Like every other game ever written in history.
Not true but if it were it still wouldn't matter as the vast majority of games are 32-bit and use less than 1GB of RAM, let alone 4GB+
Contradicting yourself. There were a few games that pushed the limits of the PC and it took two more generations of processors and graphics cards to catch up. ID Software were good at that with Doom and Quake for example. Doom 3 will happily use 4gb and more if you have it, so too does Eve Online, try them on a 16Gb Ram system. Most games only used 1Gb because that's all Windows left free for it to use if you only had 4gb Ram. Thorw 16 on it and you'll get around 7Gb free. If you don't believe me, use a third party RAM checker, don't believe what the M$ one says, it lies.

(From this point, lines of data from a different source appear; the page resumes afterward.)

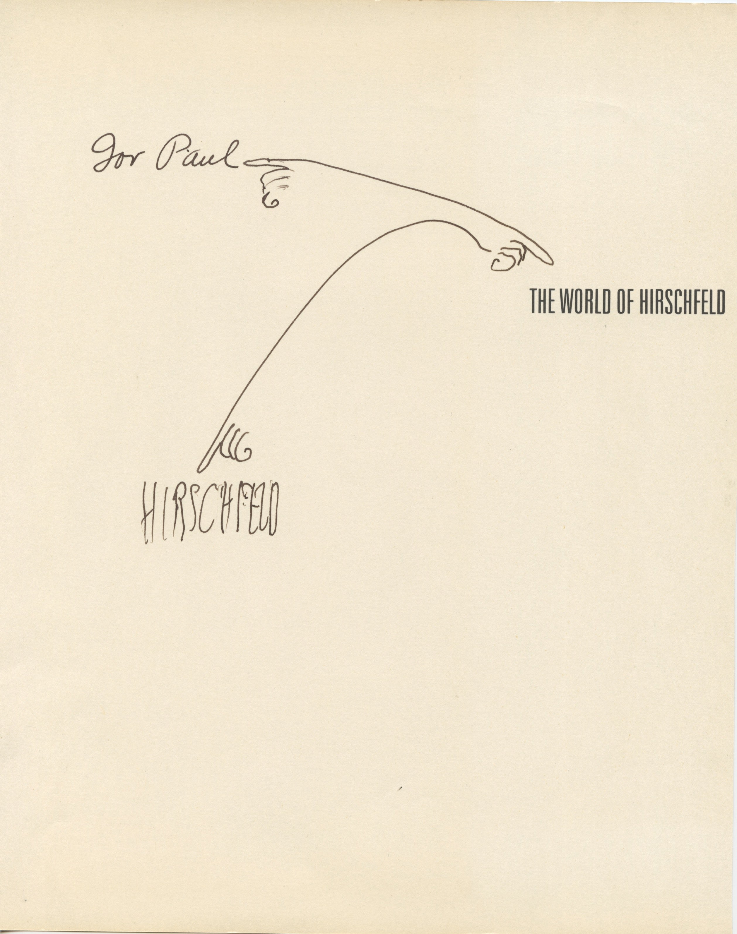 Signed half title of The World of Hirschfeld (New York: Harry N. Abrams, 1970). Inscribed, "For Paul / HIRSCHFELD" with the addition of three hand drawn arms and pointing hands drawn by the artist. A single sheet cut from the book. 10.5 x 8.5 inches (27 x 21.5 cm). In fine condition.
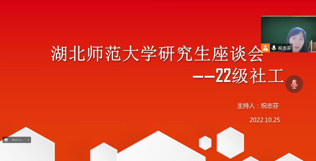为落实 杏吧 研究生学术文化和学习精神,提高学校教学和管理质量,10月25日晚,杏吧 22级社工班举行线上研究生座谈会。会议由22级社工班班主任祝志芬老师主持,班长谯苏丹同学负责记录,22级社工班全体同学参加活动。
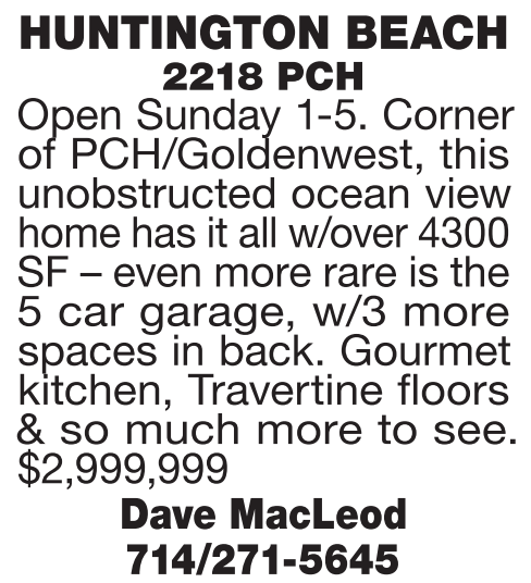 Open Sunday 1-5. Corner of PCH/Goldenwest, this unobstructed ocean view home has it all w/over 4300 SF – even more rare is the 5 car garage, w/3 more spaces in back. Gourmet kitchen, Travertine floors & so much more to see.
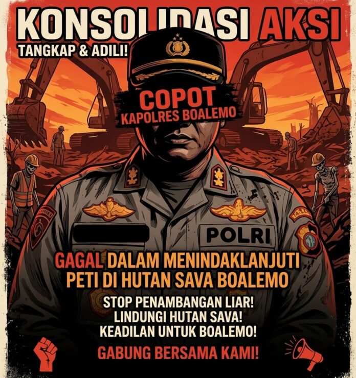 “Hutan Sapa terus dijarah secara brutal, sementara aparat memilih bungkam. Ini bukan sekadar kelalaian, ini adalah bentuk pembiaran yang tidak bisa lagi ditoleransi. Karena itu, kami tegaskan: copot Kapolres Boalemo, tidak ada Kata lain Selain Angkat Kaki Dari Tanah Boalemo,” tegas Rivandi.
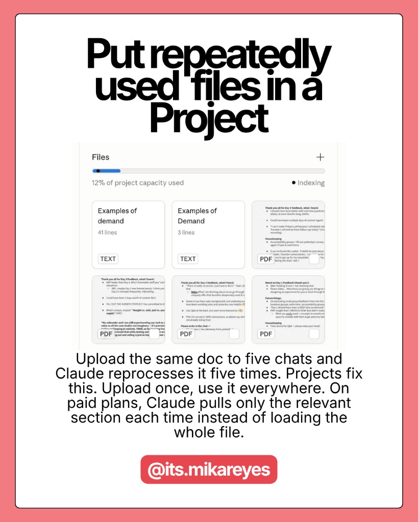 If you upload the same document to five different chats, Claude re-processes that file five separate times. Projects fix this. Upload once, and every future conversation in that project references it without reprocessing the full token cost.
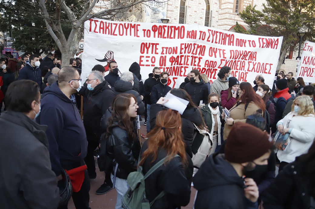 Με κεντρικό πανό “Έξω οι φασίστες-Δολοφόνοι από τα σχολεία και τις γειτονιές μας” και φωνάζοντας αντιφασιστικά συνθήματα, πραγματοποιήθηκε το απόγευμα συλλαλητήριο στη Θεσσαλονίκη.
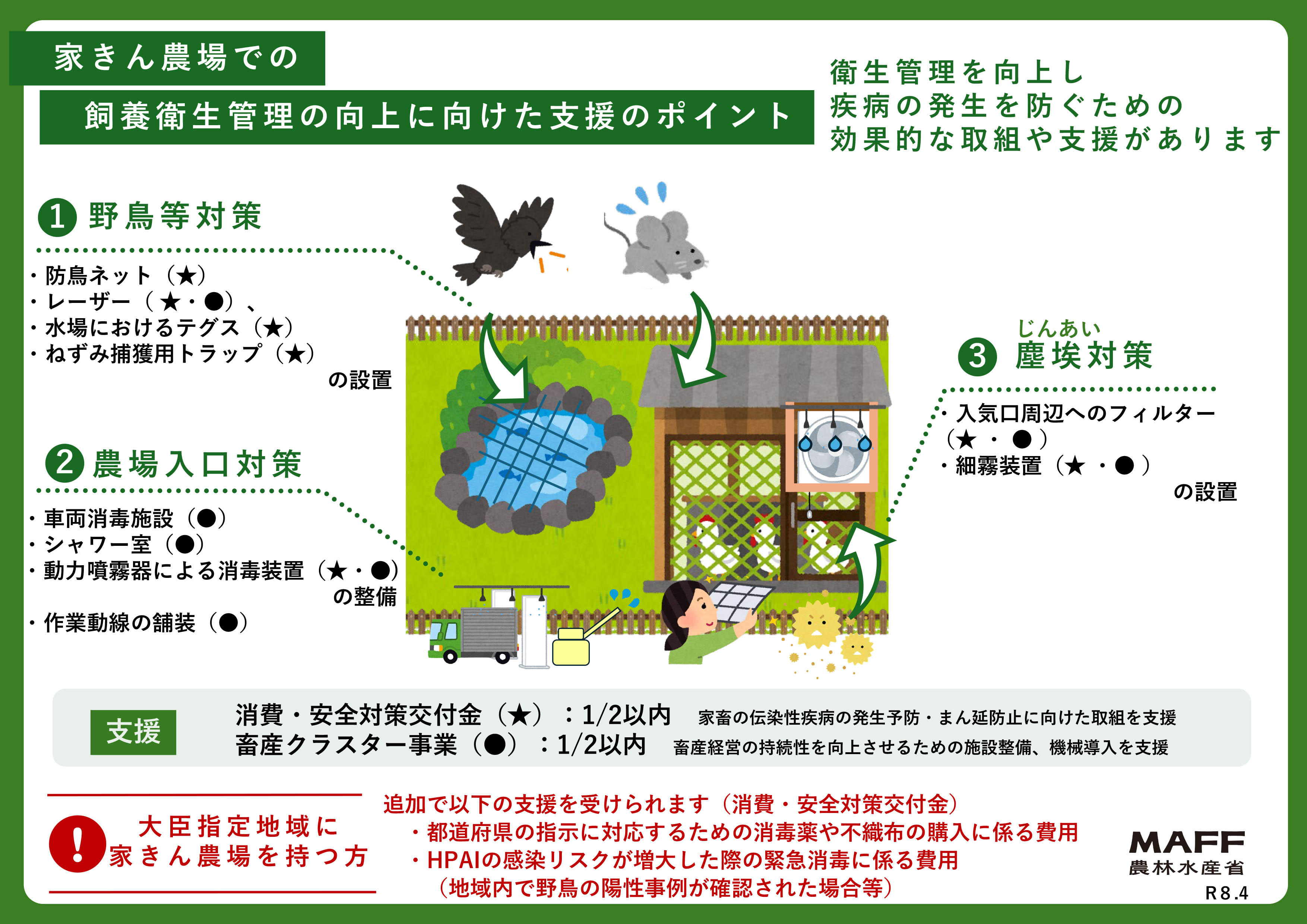 農林水産省は、2026年4月、「家きん農場での飼養衛生管理の向上に向けた支援のポイント」と「飼養衛生管理の高度化に取り組む家きん農場経営者の方への支援」のリーフレットをWebサイトに掲載した。
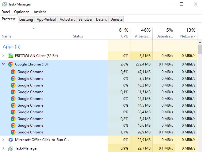 Alexander2 schrieb:(Taskmanager immer auf haben und im Auge behalten, oder den Ressourcenmonitor.
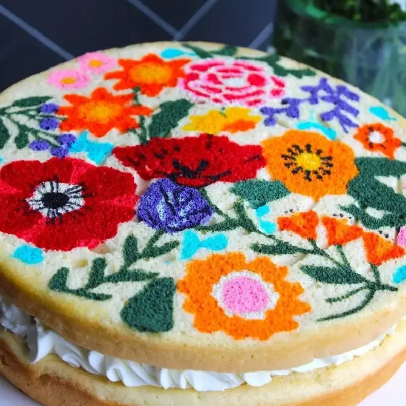 Curso práctico enfocado en la elaboración de tres leches con técnica de impresión comestible temática floral.

Most of the limitations were Ram related, Windoze always has had the knack of using more memory than it really needs.
Way back in the days of the 486 we tried Windows 3.11 with different configurations of Ram. 1Mb (it wasn't gigabytes back then remember), and upwards to 8mb.

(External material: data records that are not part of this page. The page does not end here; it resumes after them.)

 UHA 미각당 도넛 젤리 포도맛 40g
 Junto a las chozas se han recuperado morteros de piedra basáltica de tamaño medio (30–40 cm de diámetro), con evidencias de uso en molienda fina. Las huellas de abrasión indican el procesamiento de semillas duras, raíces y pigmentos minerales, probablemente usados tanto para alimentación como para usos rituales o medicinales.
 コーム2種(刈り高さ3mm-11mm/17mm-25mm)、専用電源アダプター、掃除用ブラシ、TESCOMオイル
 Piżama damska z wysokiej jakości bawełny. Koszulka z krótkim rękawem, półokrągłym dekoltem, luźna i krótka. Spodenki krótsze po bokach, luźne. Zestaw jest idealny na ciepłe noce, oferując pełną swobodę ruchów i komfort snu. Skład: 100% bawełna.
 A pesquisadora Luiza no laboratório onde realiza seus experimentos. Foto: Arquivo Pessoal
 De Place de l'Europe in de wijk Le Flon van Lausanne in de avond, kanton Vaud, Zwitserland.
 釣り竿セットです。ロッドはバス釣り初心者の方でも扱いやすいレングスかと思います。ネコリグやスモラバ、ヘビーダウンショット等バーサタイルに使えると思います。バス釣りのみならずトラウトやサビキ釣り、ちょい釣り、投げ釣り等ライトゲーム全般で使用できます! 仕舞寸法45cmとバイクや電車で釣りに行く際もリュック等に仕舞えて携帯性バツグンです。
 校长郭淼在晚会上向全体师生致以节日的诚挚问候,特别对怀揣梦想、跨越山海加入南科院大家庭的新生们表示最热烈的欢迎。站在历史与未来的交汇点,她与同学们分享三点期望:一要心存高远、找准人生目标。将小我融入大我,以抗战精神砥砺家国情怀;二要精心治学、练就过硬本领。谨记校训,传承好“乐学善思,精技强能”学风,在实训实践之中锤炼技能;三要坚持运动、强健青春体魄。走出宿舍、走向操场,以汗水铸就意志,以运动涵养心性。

1Mb - Windows ran with a small amount of swap file usage. Left 300K for user.
2Mb - Windows ran with practically no swap file usage. Left just over 512K for user.
4Mb - Windows loaded unnecessary DLL's into Ram (contrary to how they were SUPPOSED to work), no Swap file use but around 1Mb for user.
8Mb - Yet more DLLs loaded no swap file use but only around 2mb for user.
So it seems the more RAM you throw at Windoze, the more it grabs for itself for unnecessary use. If it could run in 2Mb with limited swap file use and still leave 0.5mb for the users programs, why did it suddenly need 6Mb to run when you put 8mb RAM on it? Later versions of Windows, 95, 98, ME and right up to present day versions are no different, the more memory you throw at it, the more it grabs for itself.
To get the absolute best out of games, we really need a very basic OS that doesn't try to emulate an AI, wash the dishes and do the laundry and the shopping and nag you about answering your emails, sing, dance and ring bells, using significant resources to do so, while you're trying to play a game. GemOS was ideal, it was a GUI that did nothing more than Operate the System, it ran from a single floppy disk and was basically nothing but a hardware driver interface with a GUI front end. I believe it was the basis for the very successful MacOS, it was also used on the Atari ST. A sig line that I used to use was a dig at Microsoft:
"An OS is something that Operates the System, not a complete package of every piece of software ever written."